'''

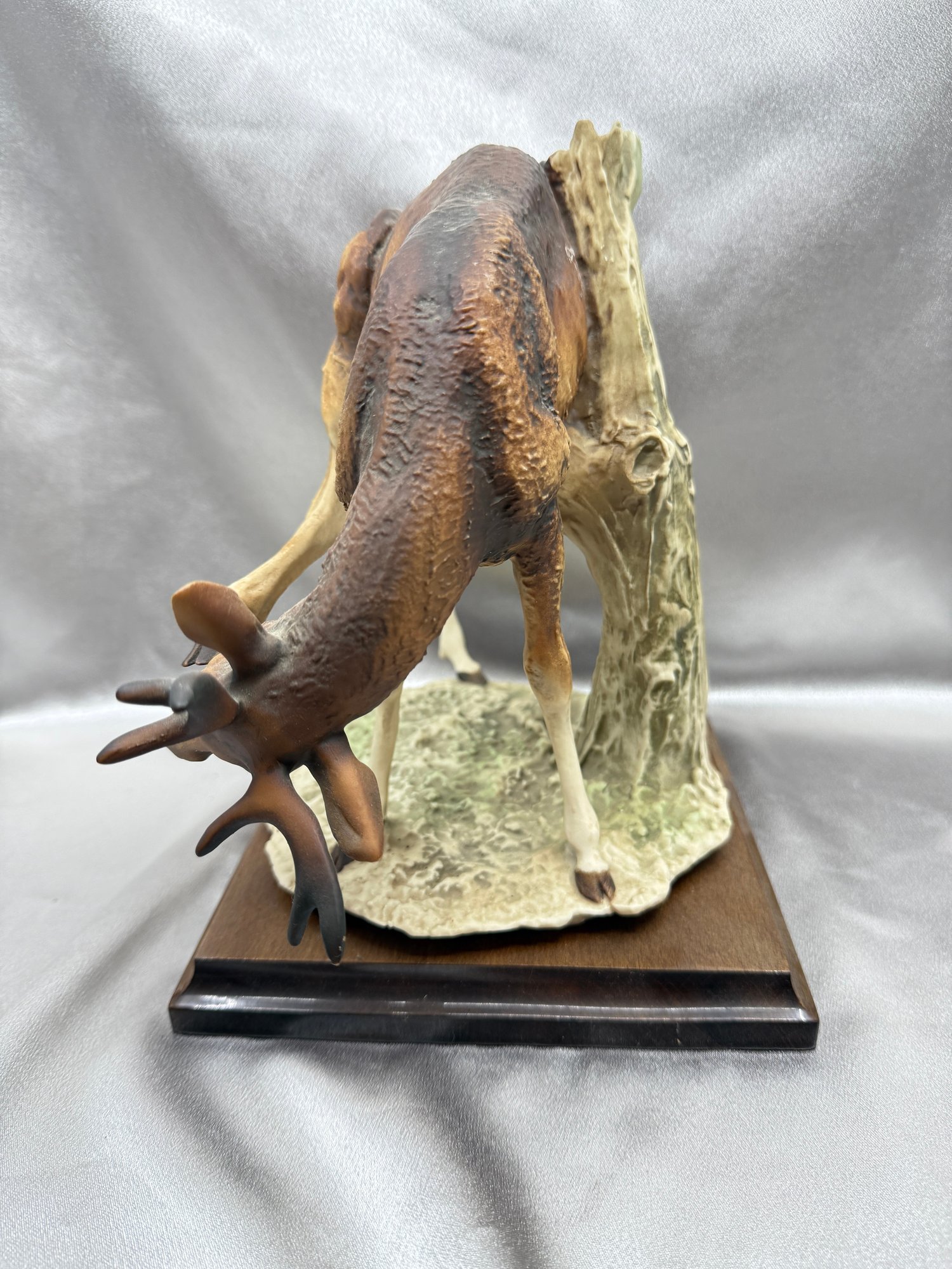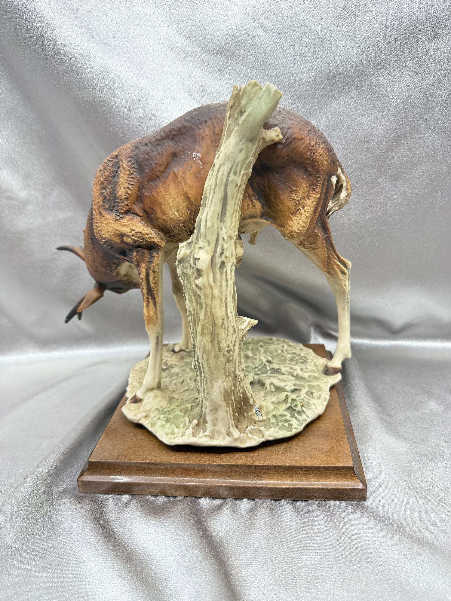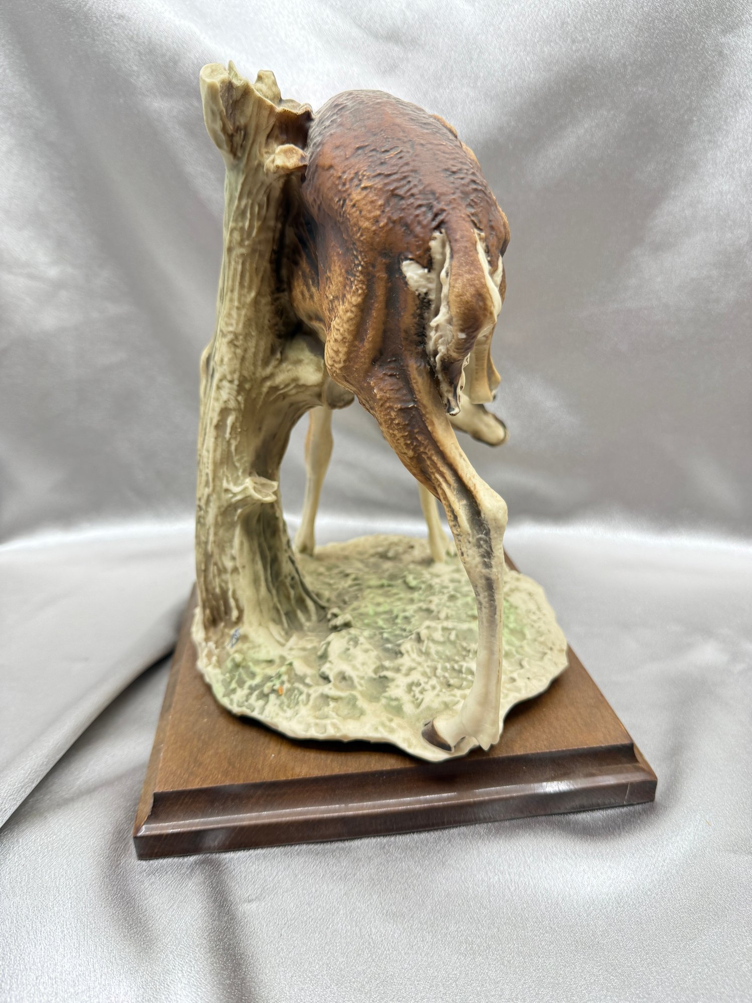 (A-3) VINTAGE SIGNED RESIN & WOOD SCULPTURE-GIUSEPPE ARMANI-"FALLOW DEER"
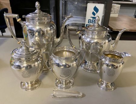 Reed & Barton Sterling Service, coffee pitcher, tea/water pitcher, sugar, creamer, waste, monogrammed, marks are bird, R, lion, x610 sterling, tea/water pitcher is missing pin for lid, waste has a small dent, good condition. Also Includes some small sterling tongs. 72.61 ozt. Reed & Barton Sterling Service, coffee pitcher, tea/water pitcher, sugar, creamer, waste, monogrammed, marks are bird, R, lion, x610 sterling, tea/water pitcher is missing pin for lid, waste has a small dent, good condition. Also Includes some small sterling tongs. 72.61 ozt.
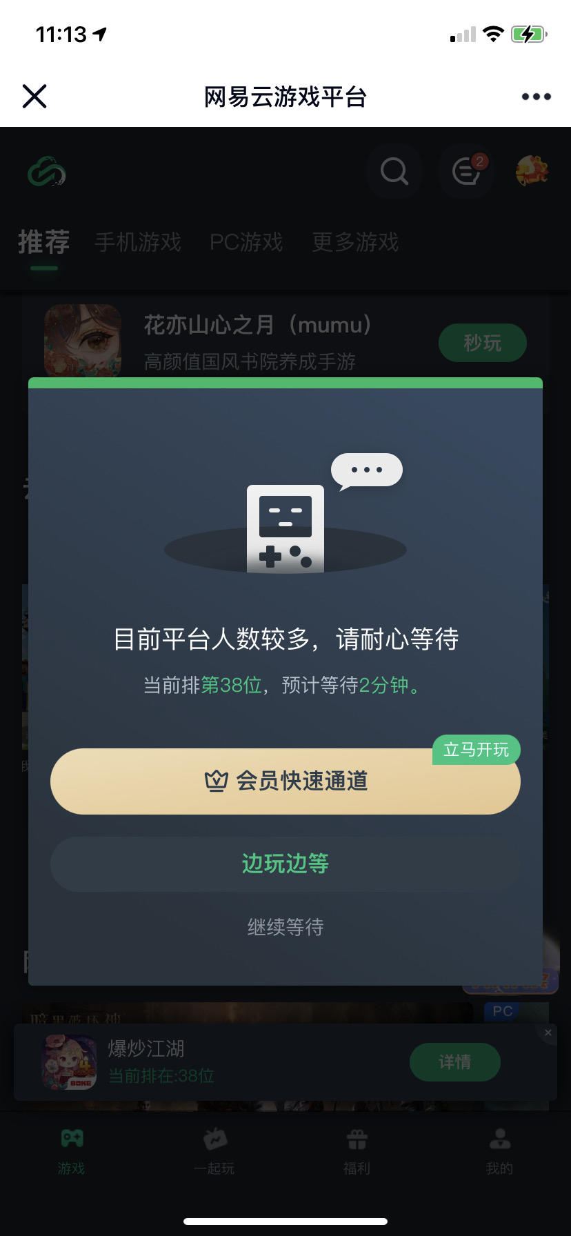 Ios玩家心里苦…这不是逼我们买网易云游戏会员吗…玩了一年多了,可能真的要弃游了官方云游戏也很卡,相对来说网易还稳定一点。而且爆炒免费只到29号,后面好像每天限时一个小时,然后就要买会员了哎,真的好难而且排队错过一分钟,又得重新排队…只能一直盯着排队界面
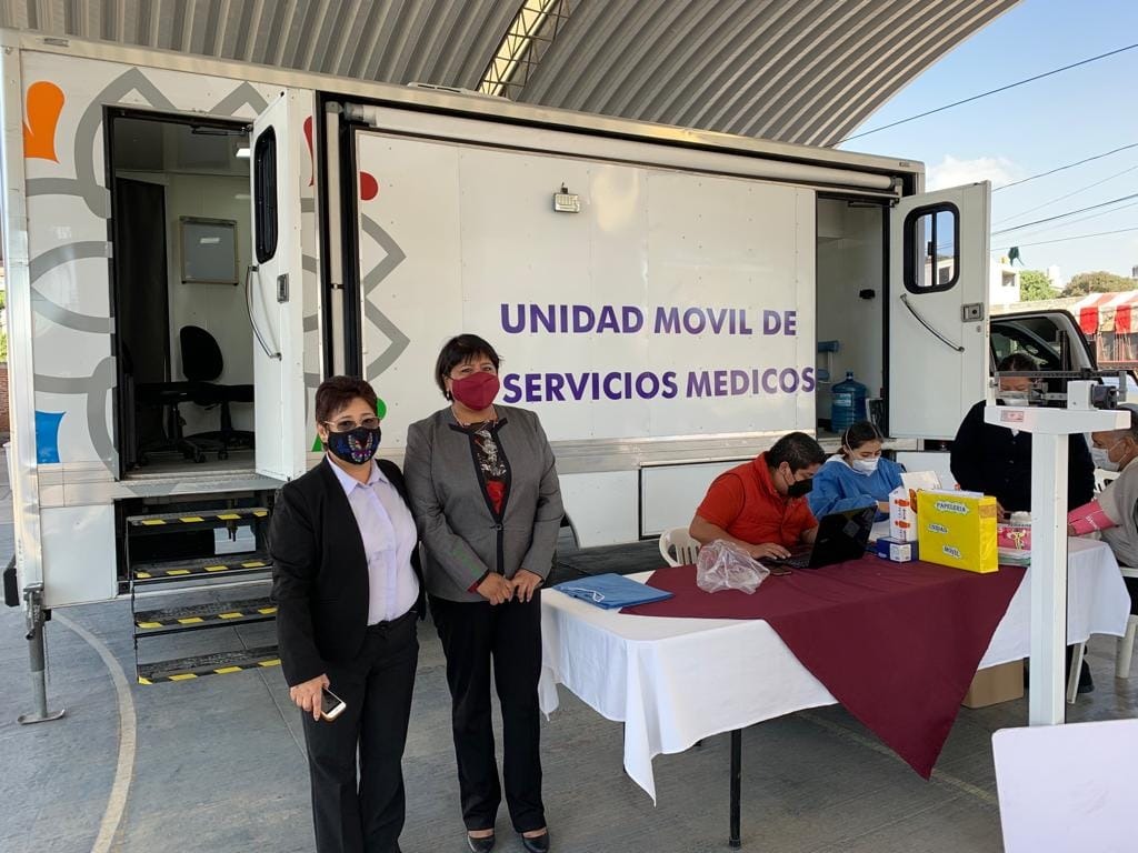 Panotla,Tlax.- La Presidenta Municipal de Panotla, Felicitas Vázquez Islas y la Directora Municipal del DIF Municipal, María Soledad Espinoza de los Monteros Hernández, presenciaron a primera hora de la mañana la instalación de la Unidad Móvil del programa estatal “Médico en tu casa” donde realizaron de manera gratuita consultas generales y dentales a la comunidad de San Jorge Tezoquipan perteneciente al Municipio de Panotla.
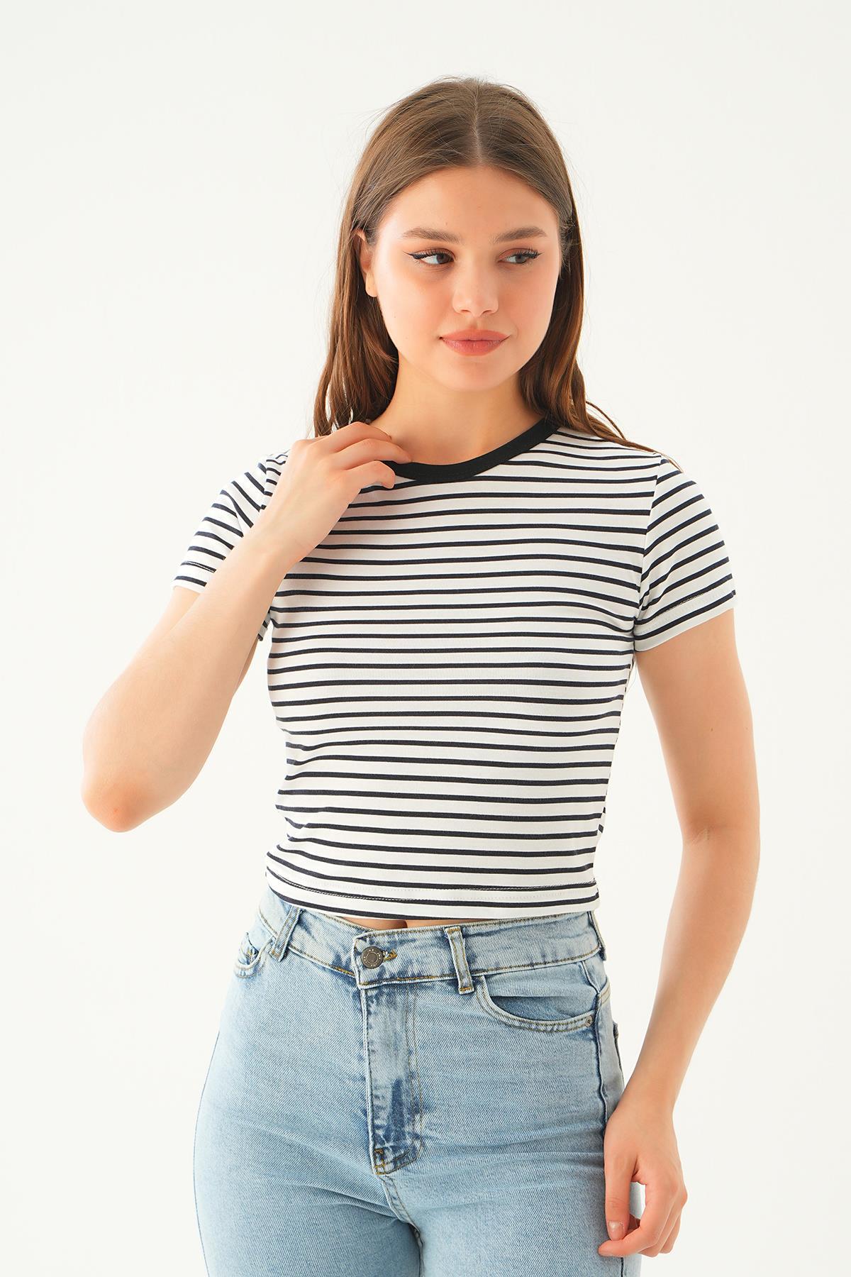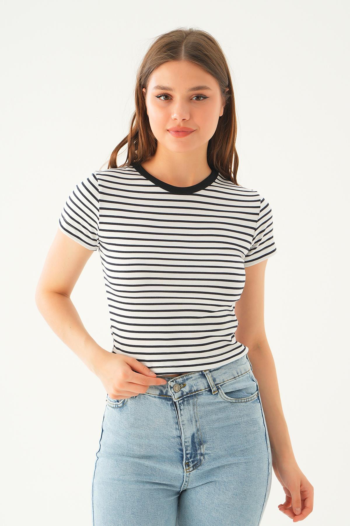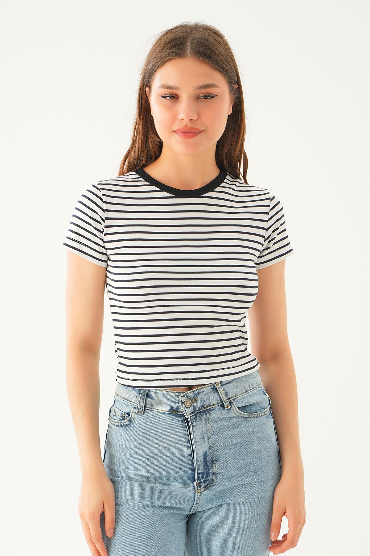 Siyah Çizgili Kısa Tişört 3001

'''

- Work order: Your reply must hold only the lines from the line containing "Panotla,Tlax.- La Presidenta" through the end of the records above, written out exactly, both ends included, with no pictures, please.

- Response to this exercise:
 Panotla,Tlax.- La Presidenta Municipal de Panotla, Felicitas Vázquez Islas y la Directora Municipal del DIF Municipal, María Soledad Espinoza de los Monteros Hernández, presenciaron a primera hora de la mañana la instalación de la Unidad Móvil del programa estatal “Médico en tu casa” donde realizaron de manera gratuita consultas generales y dentales a la comunidad de San Jorge Tezoquipan perteneciente al Municipio de Panotla.
 Siyah Çizgili Kısa Tişört 3001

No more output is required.